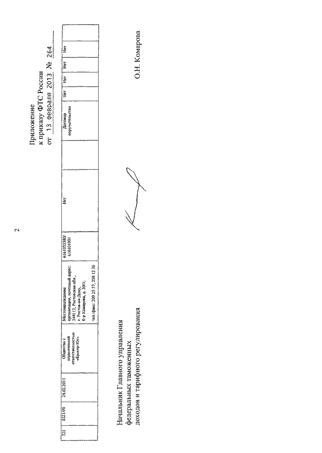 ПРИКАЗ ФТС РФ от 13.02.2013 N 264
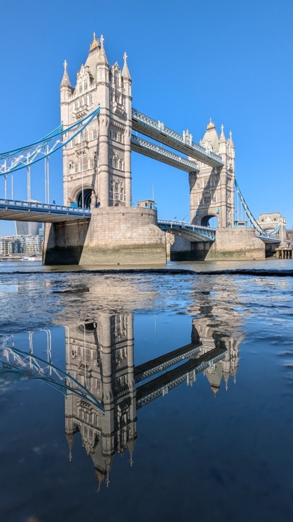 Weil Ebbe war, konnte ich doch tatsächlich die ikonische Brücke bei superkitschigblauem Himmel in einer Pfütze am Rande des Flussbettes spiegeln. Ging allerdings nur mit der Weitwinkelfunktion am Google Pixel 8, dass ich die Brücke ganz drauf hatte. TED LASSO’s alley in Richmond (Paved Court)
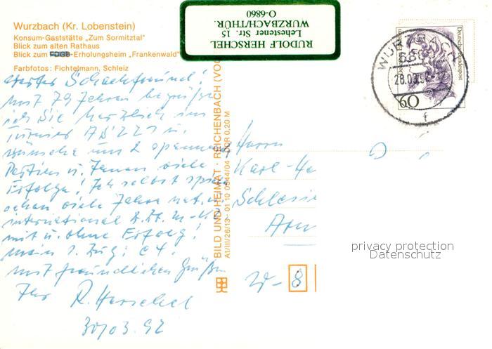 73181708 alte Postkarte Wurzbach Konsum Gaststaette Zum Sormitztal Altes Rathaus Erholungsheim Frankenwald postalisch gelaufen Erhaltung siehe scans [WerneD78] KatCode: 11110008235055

--

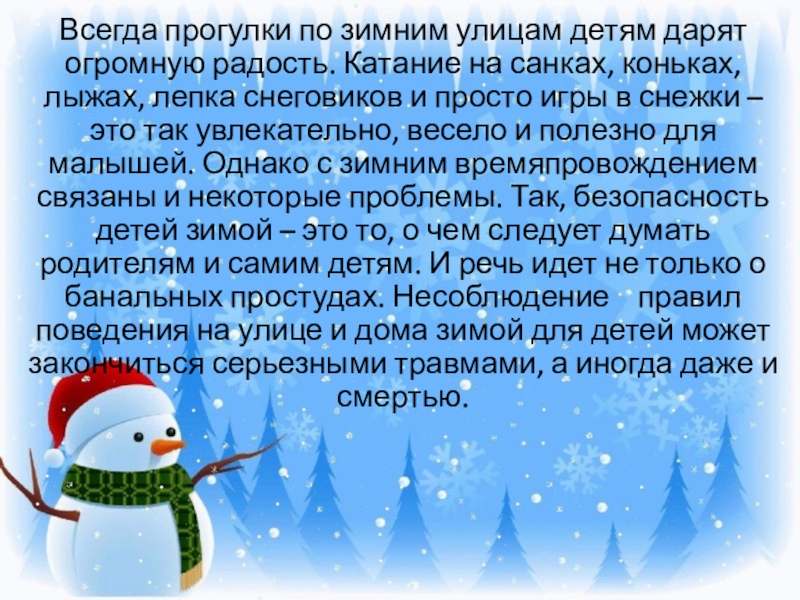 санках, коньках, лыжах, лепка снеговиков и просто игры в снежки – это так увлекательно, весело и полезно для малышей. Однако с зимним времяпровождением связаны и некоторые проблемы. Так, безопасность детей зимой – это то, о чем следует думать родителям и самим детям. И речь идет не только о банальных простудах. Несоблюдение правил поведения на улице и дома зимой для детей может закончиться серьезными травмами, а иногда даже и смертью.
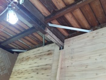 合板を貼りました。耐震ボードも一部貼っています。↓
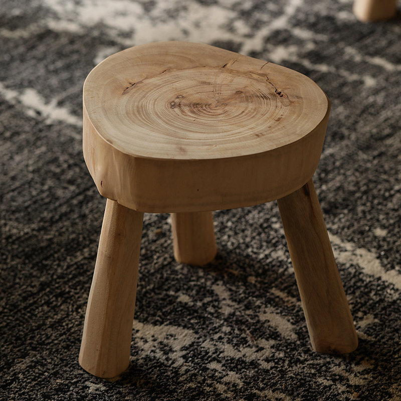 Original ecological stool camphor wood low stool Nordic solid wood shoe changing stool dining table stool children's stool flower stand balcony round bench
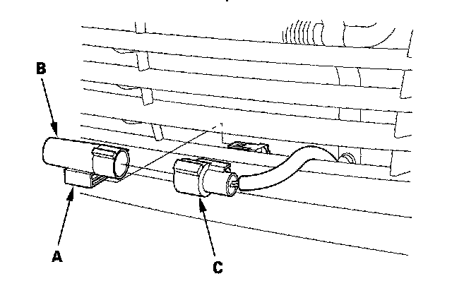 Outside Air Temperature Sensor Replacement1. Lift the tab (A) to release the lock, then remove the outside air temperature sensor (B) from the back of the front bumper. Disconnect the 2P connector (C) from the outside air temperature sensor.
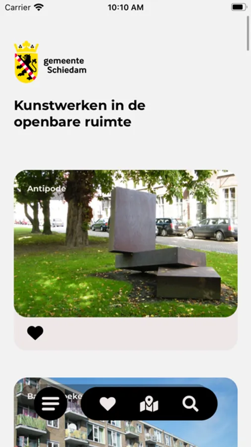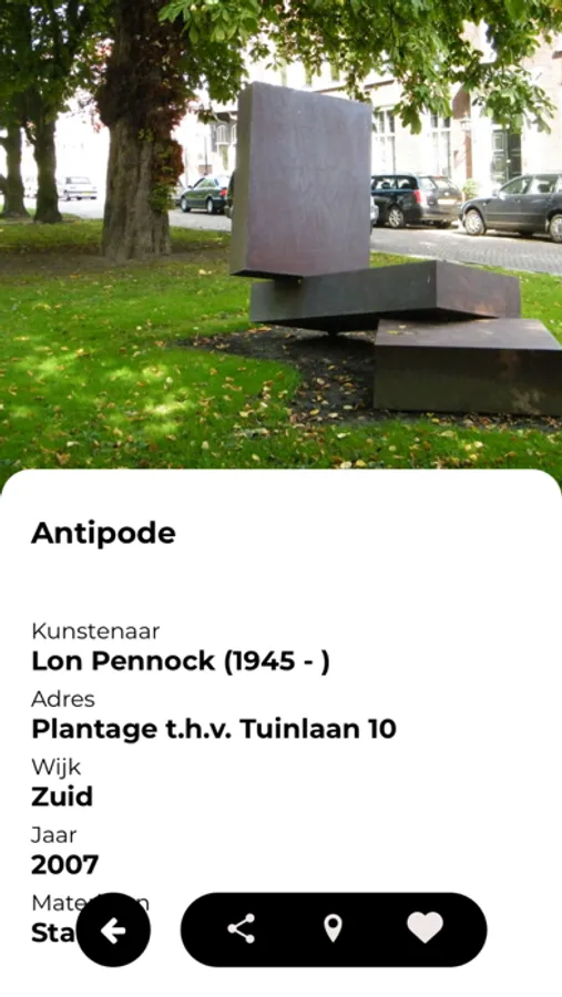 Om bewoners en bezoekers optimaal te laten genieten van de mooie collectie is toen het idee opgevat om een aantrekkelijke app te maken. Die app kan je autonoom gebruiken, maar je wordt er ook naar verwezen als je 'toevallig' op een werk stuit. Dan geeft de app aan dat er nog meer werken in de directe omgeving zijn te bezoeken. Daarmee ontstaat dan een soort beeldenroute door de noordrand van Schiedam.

WHAT TO WORK ON: Range to copy from the listing above: the line containing "санках, коньках, лыжах, лепка" down to the line containing "Outside Air Temperature Sensor Replacement1.", both included. Reproduce it exactly, minus the pictures, and add nothing.

SOLUTION TO THIS EXERCISE:
 санках, коньках, лыжах, лепка снеговиков и просто игры в снежки – это так увлекательно, весело и полезно для малышей. Однако с зимним времяпровождением связаны и некоторые проблемы. Так, безопасность детей зимой – это то, о чем следует думать родителям и самим детям. И речь идет не только о банальных простудах. Несоблюдение правил поведения на улице и дома зимой для детей может закончиться серьезными травмами, а иногда даже и смертью.
 合板を貼りました。耐震ボードも一部貼っています。↓
 Original ecological stool camphor wood low stool Nordic solid wood shoe changing stool dining table stool children's stool flower stand balcony round bench
 Outside Air Temperature Sensor Replacement1. Lift the tab (A) to release the lock, then remove the outside air temperature sensor (B) from the back of the front bumper. Disconnect the 2P connector (C) from the outside air temperature sensor.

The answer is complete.